We also keep junk foods such as cookies, candy, processed and sugary chocolate, crisps, and soda out of our house. After recently chatting to a world leading expert on designing our environment for optimum health, (check out the podcast about making healthy eating effortless here), on the occasion that sweets do make their way into our home, I now store them in a cupboard in the laundry so that they aren’t temptingly easy to get to. However, even with all our efforts at home to educate and make healthy eating fun, I’d say my son still eats junk foods at least four days a week. How can I compete with shiny packaging with fun cartoon characters and the electrifying taste of sugary snacks?

As I sat there watching my son eating the candy he’d been offered on the weekend (it was 3pm and the serving size was enormous), I knew that I was going to have a hard time getting him to eat his healthy dinner later that night. I felt like the world was against me and I felt like the grinch for wanting to say “no.”
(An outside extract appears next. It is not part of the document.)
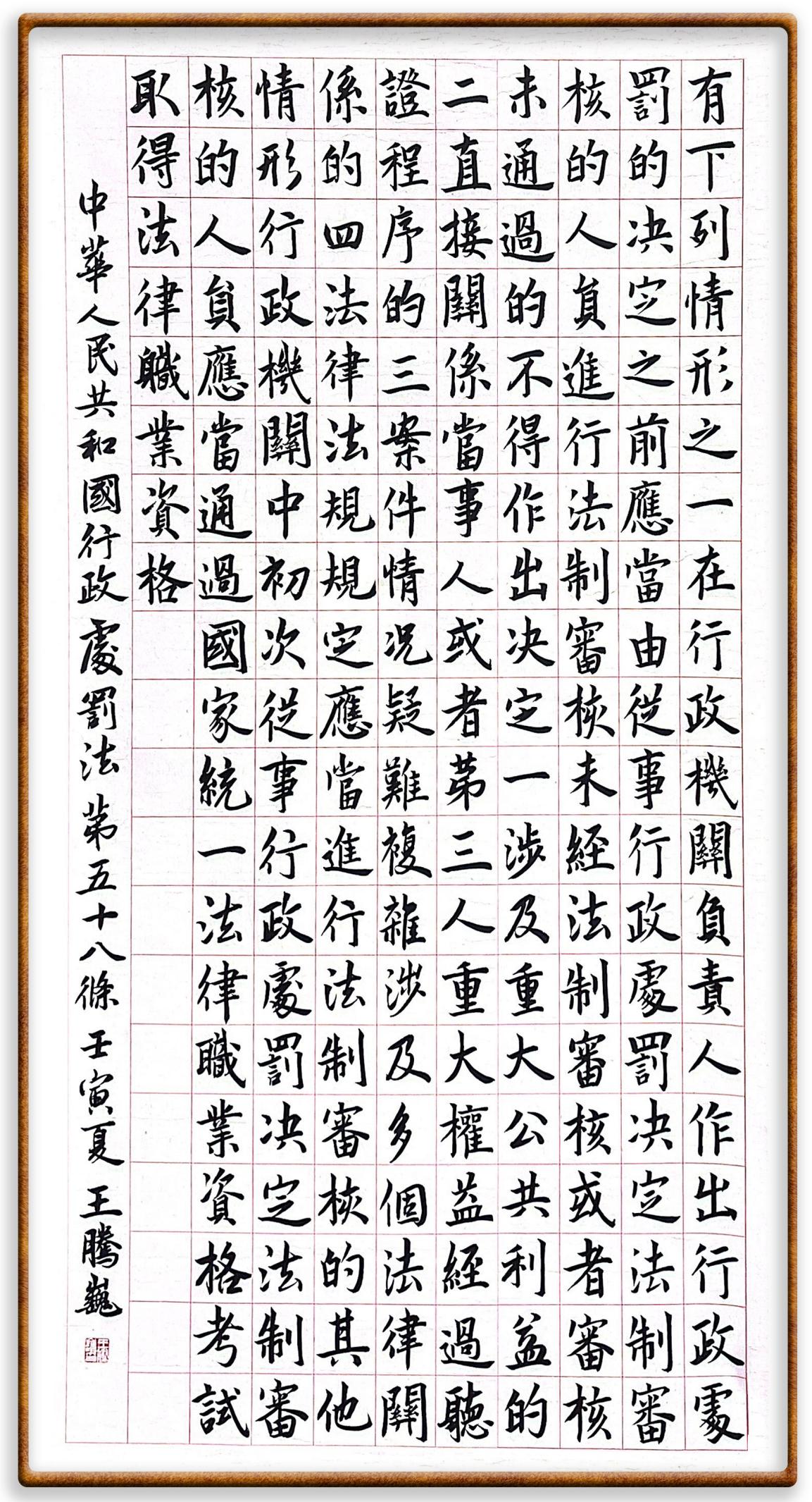 繼《中華人民共和國民法典》《中華人民共和國土地管理法》《中華人民共和國土地管理法實(shí)施條例》《中華人民共和國法律援助法》之后,法治日報(bào)社聯(lián)合北京市司法局、北京書法家協(xié)會(huì),將筆端對準(zhǔn)《中華人民共和國憲法》和《中華人民共和國行政處罰法》。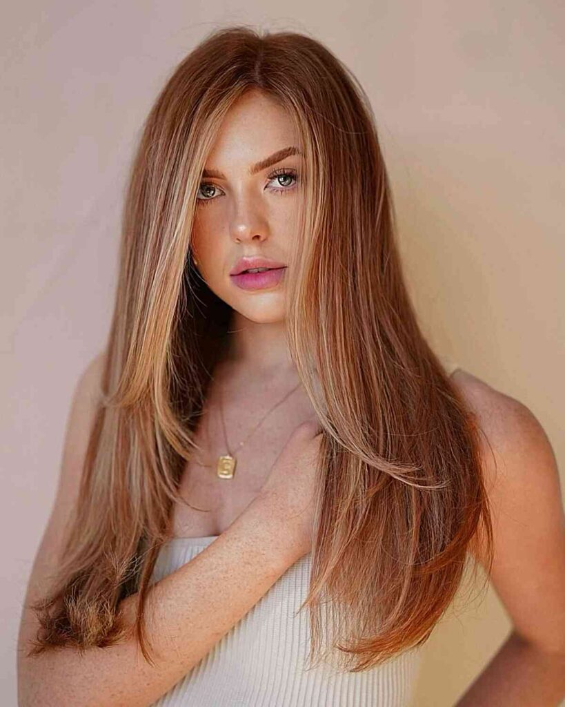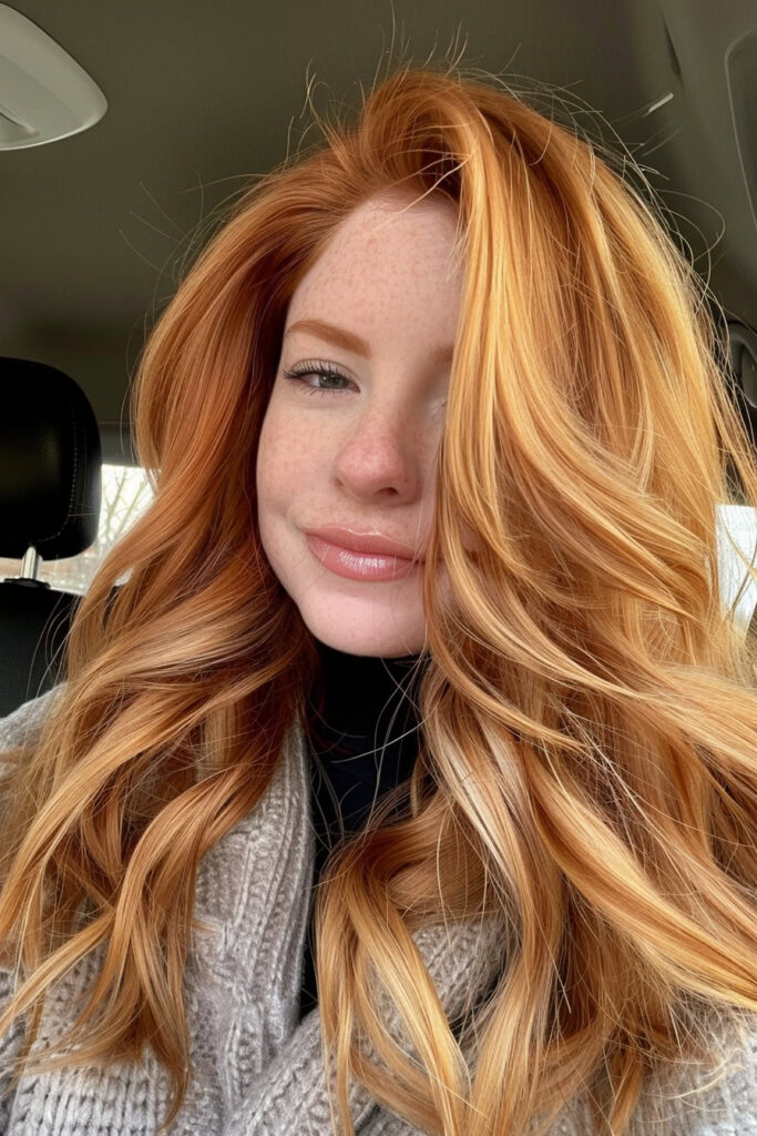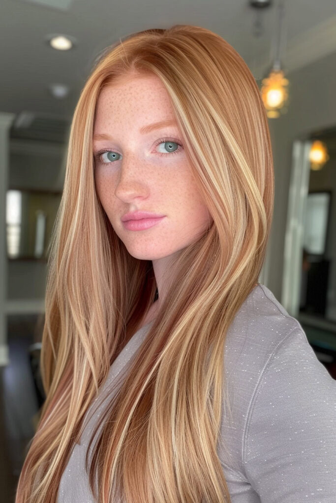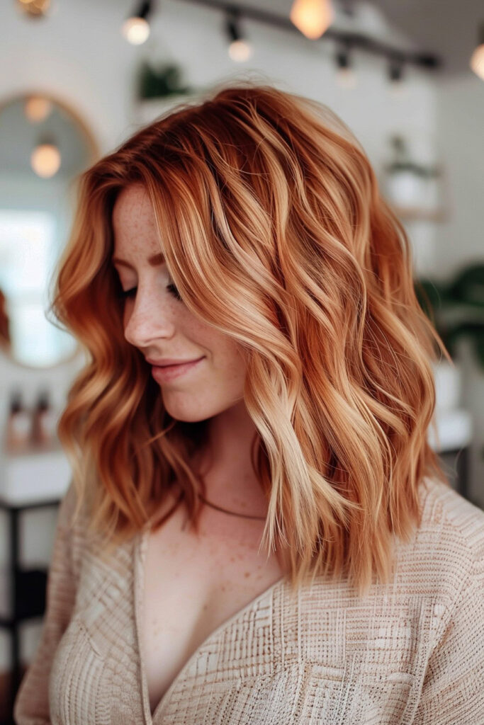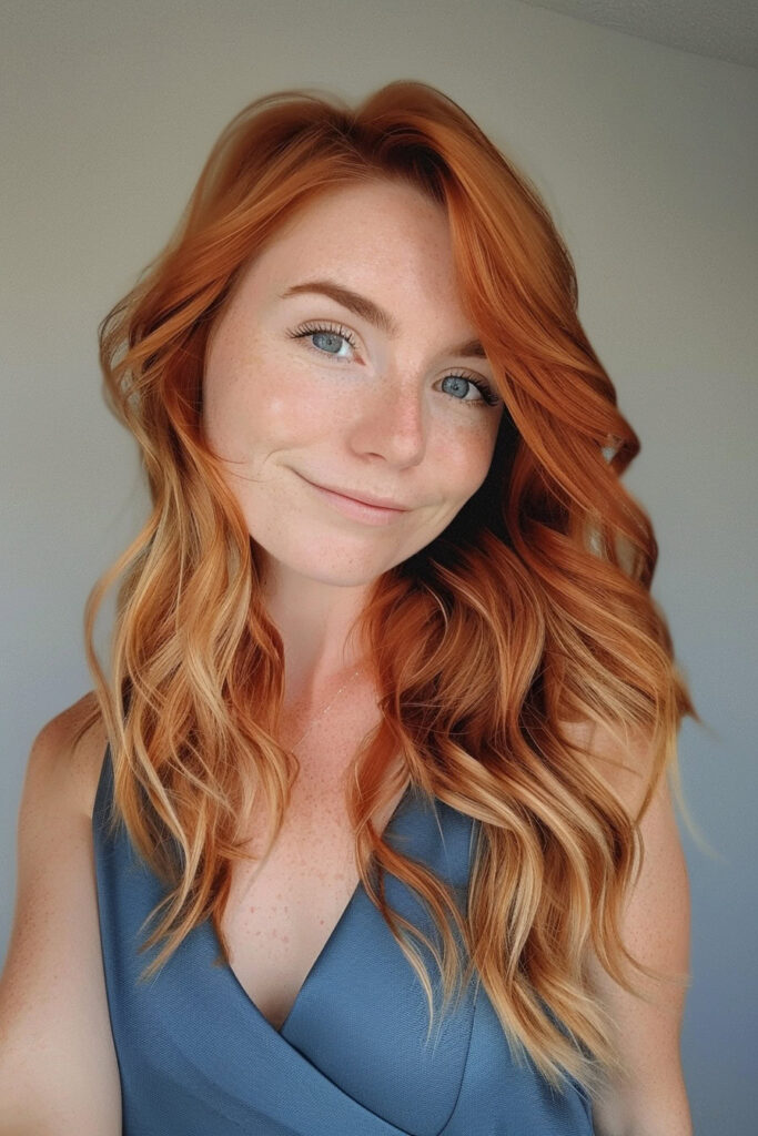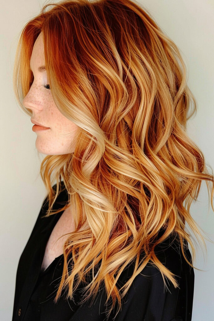 This style mixes a natural ginger base with golden blonde balayage highlights, giving hair a sunkissed, radiant effect. The blend looks effortless, warm, and natural—like a perfect summer glow.

I decided to canvas some of my fellow parents on Facebook to see what others are doing, and my favourite response came from my friends Sarah and Tim who say to their kids “I have no problem with you eating that, it’s your insides that will get rotten, not mine… no, no, please go ahead and eat it, but remember, when your insides rot, your outsides will too!”

And so, dear reader, I’d love to know your thoughts too. What more can I do to stand up for my son’s gut bugs?